++++ DATA TO USE ++++
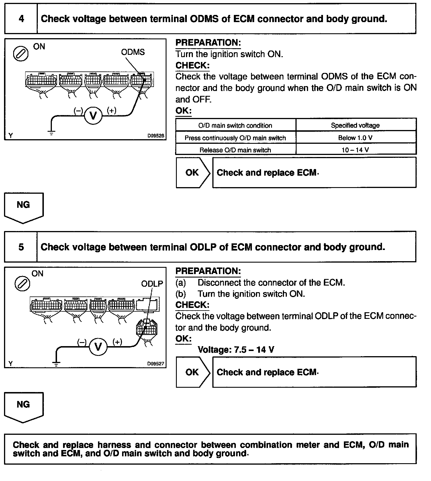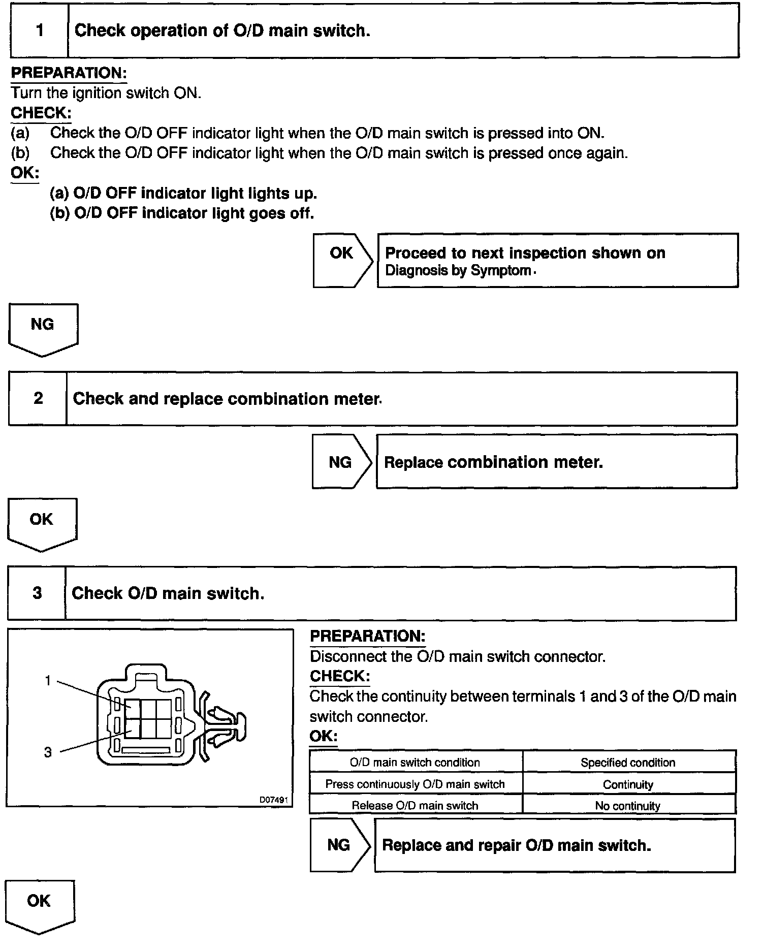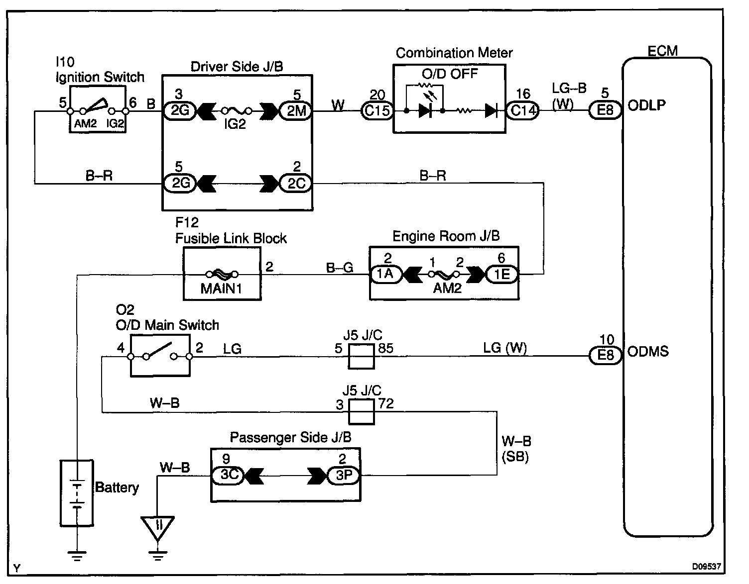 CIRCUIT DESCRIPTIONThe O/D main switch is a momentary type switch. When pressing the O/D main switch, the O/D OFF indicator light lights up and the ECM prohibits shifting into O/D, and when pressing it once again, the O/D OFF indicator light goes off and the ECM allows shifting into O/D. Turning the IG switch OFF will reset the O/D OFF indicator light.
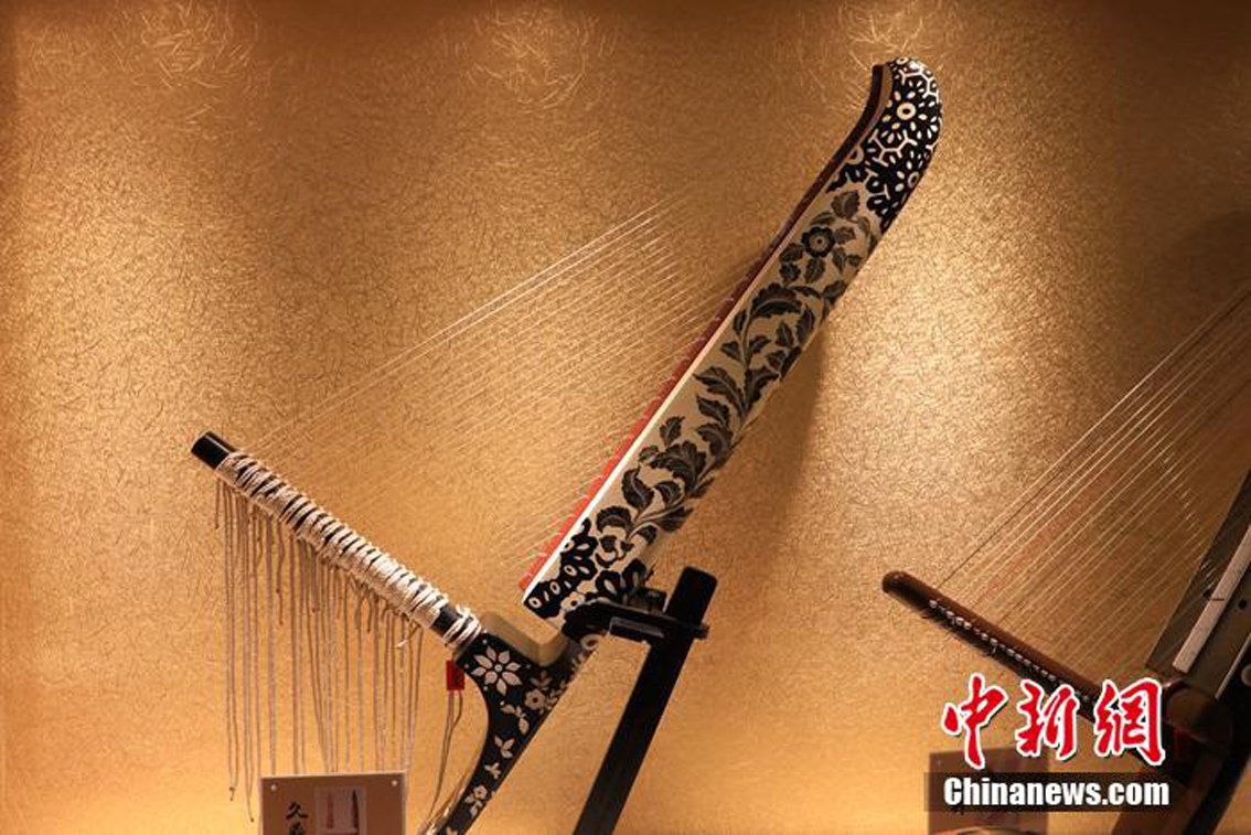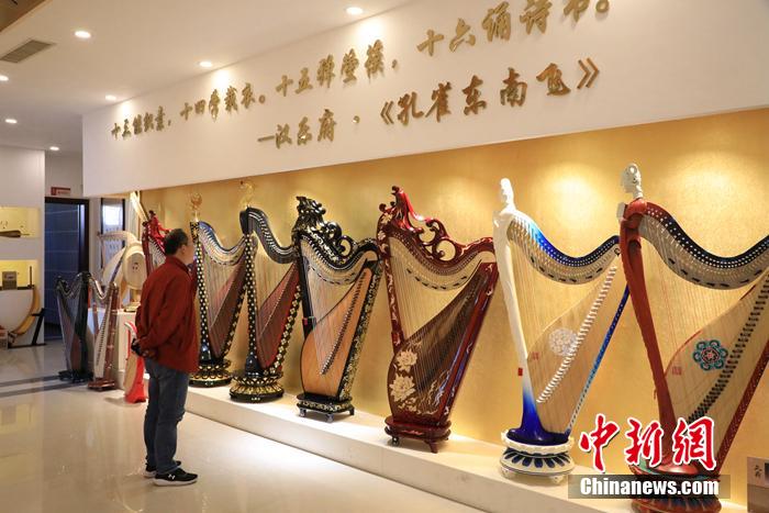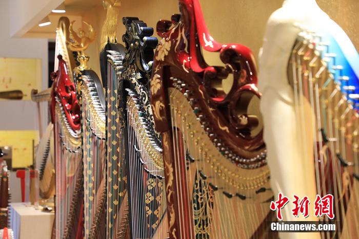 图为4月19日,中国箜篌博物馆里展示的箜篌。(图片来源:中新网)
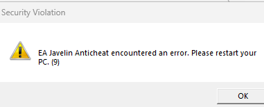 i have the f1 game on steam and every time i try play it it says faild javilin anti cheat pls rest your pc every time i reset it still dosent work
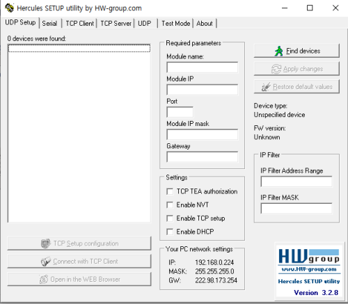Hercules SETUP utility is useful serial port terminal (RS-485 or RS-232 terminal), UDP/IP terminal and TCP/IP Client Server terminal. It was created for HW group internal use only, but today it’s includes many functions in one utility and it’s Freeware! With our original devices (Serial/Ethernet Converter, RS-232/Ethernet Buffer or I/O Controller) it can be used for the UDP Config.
++++
++++ DATA TO USE ++++
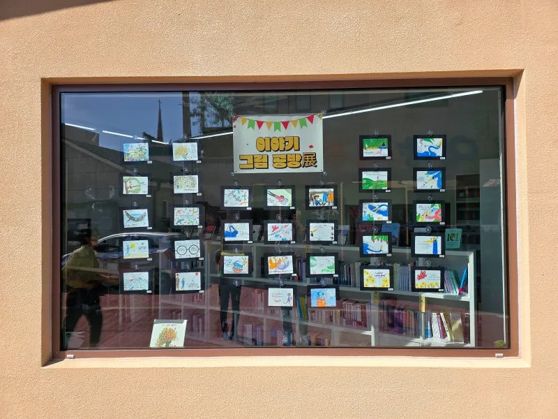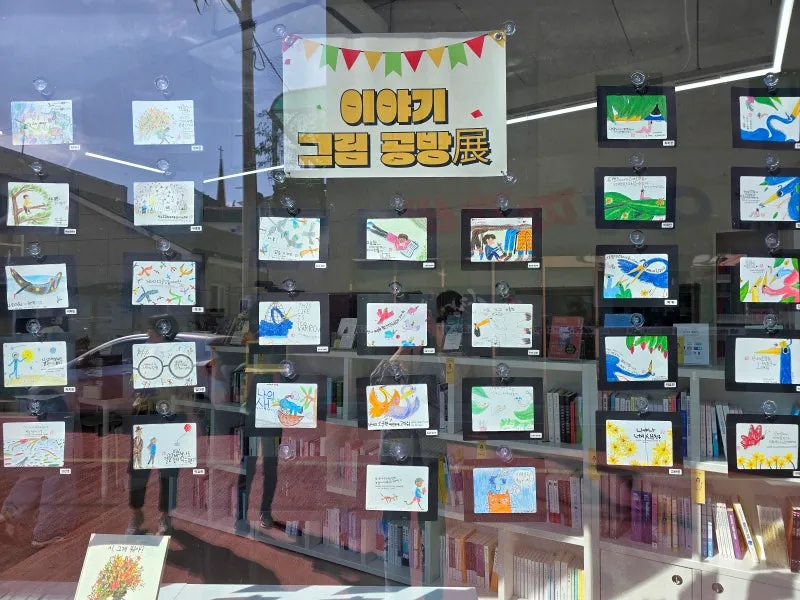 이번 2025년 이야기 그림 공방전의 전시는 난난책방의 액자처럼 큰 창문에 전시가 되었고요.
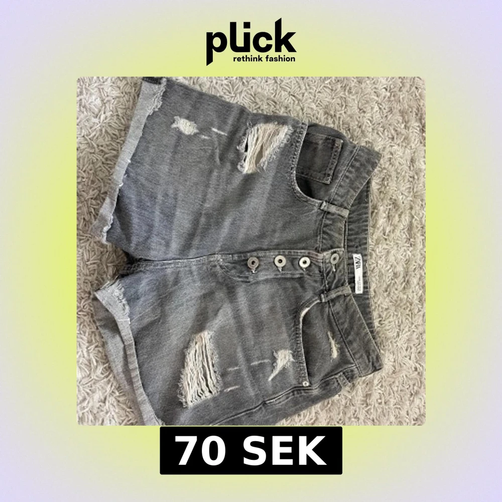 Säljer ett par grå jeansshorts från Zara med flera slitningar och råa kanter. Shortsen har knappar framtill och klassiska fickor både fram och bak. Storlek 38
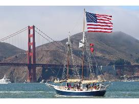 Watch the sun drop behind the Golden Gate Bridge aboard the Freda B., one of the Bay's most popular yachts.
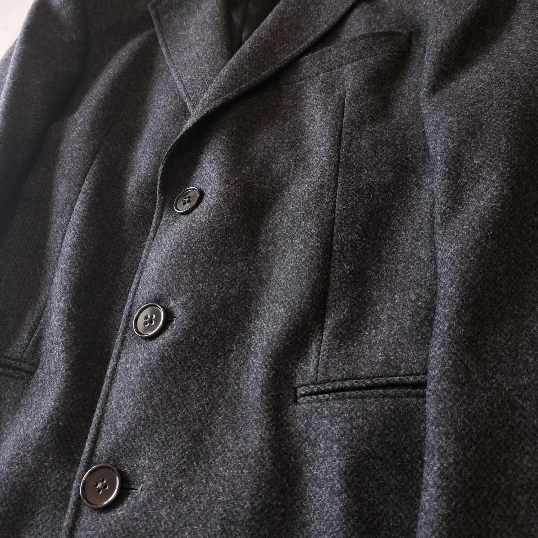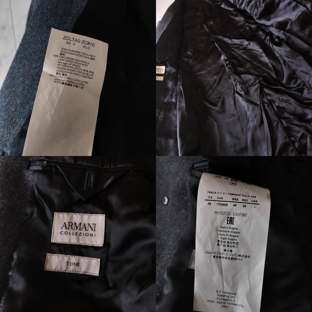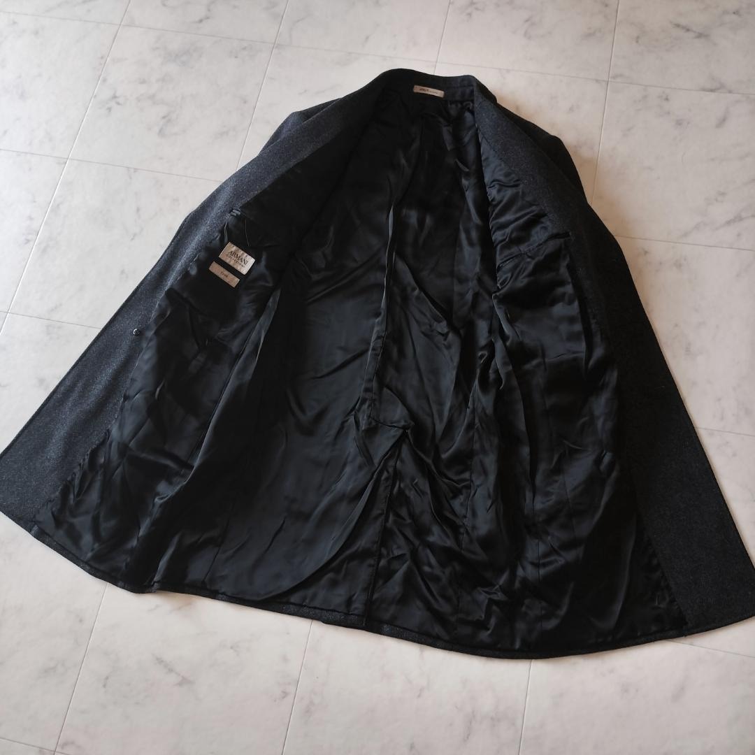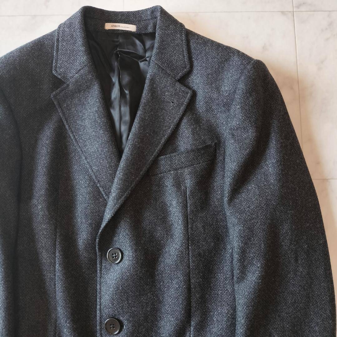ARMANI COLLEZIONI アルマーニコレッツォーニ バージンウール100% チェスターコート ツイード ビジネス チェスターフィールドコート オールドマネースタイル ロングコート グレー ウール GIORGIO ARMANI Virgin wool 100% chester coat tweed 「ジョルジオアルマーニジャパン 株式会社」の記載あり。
++++
++++ DATA TO USE ++++
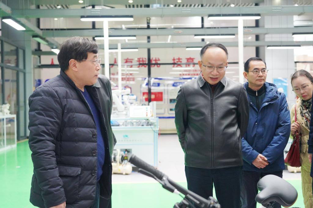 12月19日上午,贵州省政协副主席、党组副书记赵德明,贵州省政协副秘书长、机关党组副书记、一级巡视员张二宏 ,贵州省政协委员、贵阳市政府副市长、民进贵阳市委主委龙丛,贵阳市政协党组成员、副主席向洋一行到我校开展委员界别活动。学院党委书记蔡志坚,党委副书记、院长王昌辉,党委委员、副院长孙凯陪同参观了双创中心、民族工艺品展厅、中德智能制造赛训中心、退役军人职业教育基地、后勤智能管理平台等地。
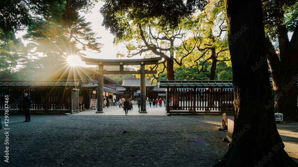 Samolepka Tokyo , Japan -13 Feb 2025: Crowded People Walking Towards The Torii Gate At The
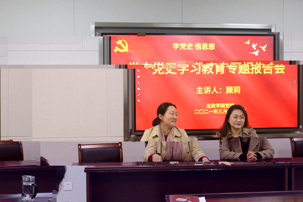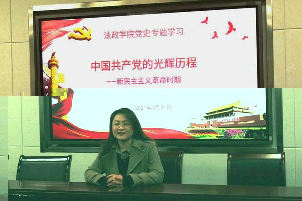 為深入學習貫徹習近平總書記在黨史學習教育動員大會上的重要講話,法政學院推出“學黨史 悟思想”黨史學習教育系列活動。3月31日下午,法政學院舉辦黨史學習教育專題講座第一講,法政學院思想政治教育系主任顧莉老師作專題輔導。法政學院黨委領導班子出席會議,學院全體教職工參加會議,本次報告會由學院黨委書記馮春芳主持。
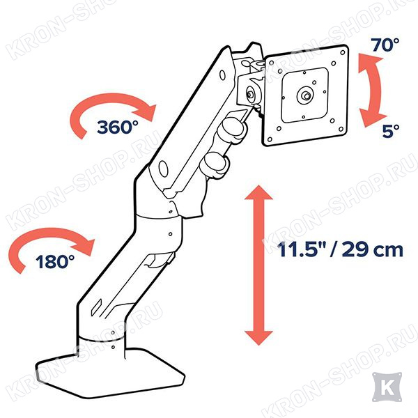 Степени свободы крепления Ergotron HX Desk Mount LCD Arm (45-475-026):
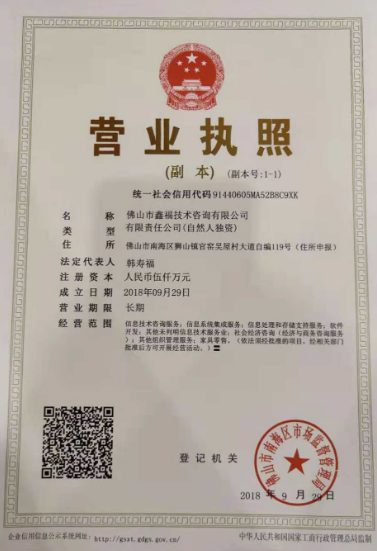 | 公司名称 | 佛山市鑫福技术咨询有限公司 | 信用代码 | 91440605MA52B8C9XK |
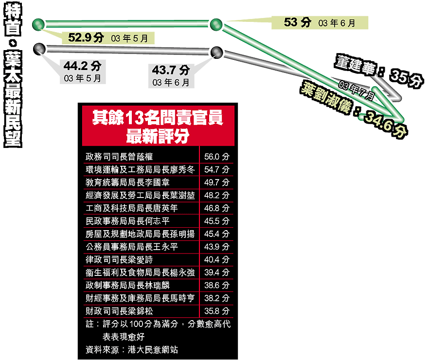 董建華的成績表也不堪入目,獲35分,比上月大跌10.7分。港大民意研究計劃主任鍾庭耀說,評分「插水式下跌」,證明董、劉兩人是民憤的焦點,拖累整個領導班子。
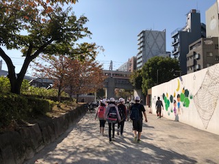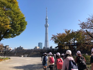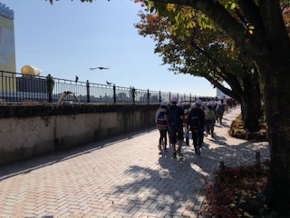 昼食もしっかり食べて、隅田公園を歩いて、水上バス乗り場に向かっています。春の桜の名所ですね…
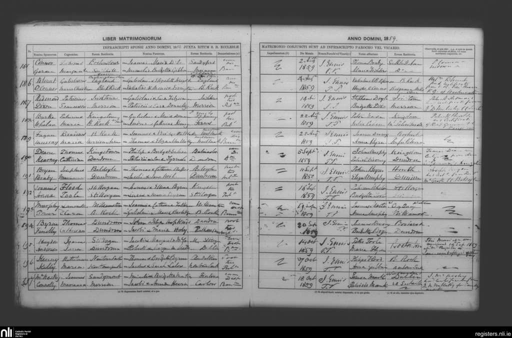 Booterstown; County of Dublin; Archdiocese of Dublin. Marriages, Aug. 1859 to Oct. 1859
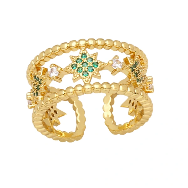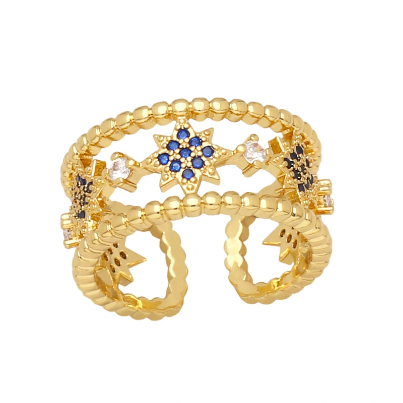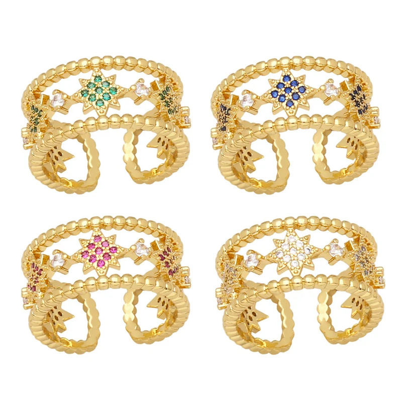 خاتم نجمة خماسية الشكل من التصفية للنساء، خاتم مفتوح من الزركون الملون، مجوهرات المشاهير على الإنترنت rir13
++++
== EXERCISE PROMPT ==
All that should be printed is the run of lines above from the one with "Watch the sun" through the one with "ARMANI COLLEZIONI アルマーニコレッツォーニ", both included, exactly as given, with pictures left out.

== RESULT OF THIS EXERCISE ==
 Watch the sun drop behind the Golden Gate Bridge aboard the Freda B., one of the Bay's most popular yachts.
ARMANI COLLEZIONI アルマーニコレッツォーニ バージンウール100% チェスターコート ツイード ビジネス チェスターフィールドコート オールドマネースタイル ロングコート グレー ウール GIORGIO ARMANI Virgin wool 100% chester coat tweed 「ジョルジオアルマーニジャパン 株式会社」の記載あり。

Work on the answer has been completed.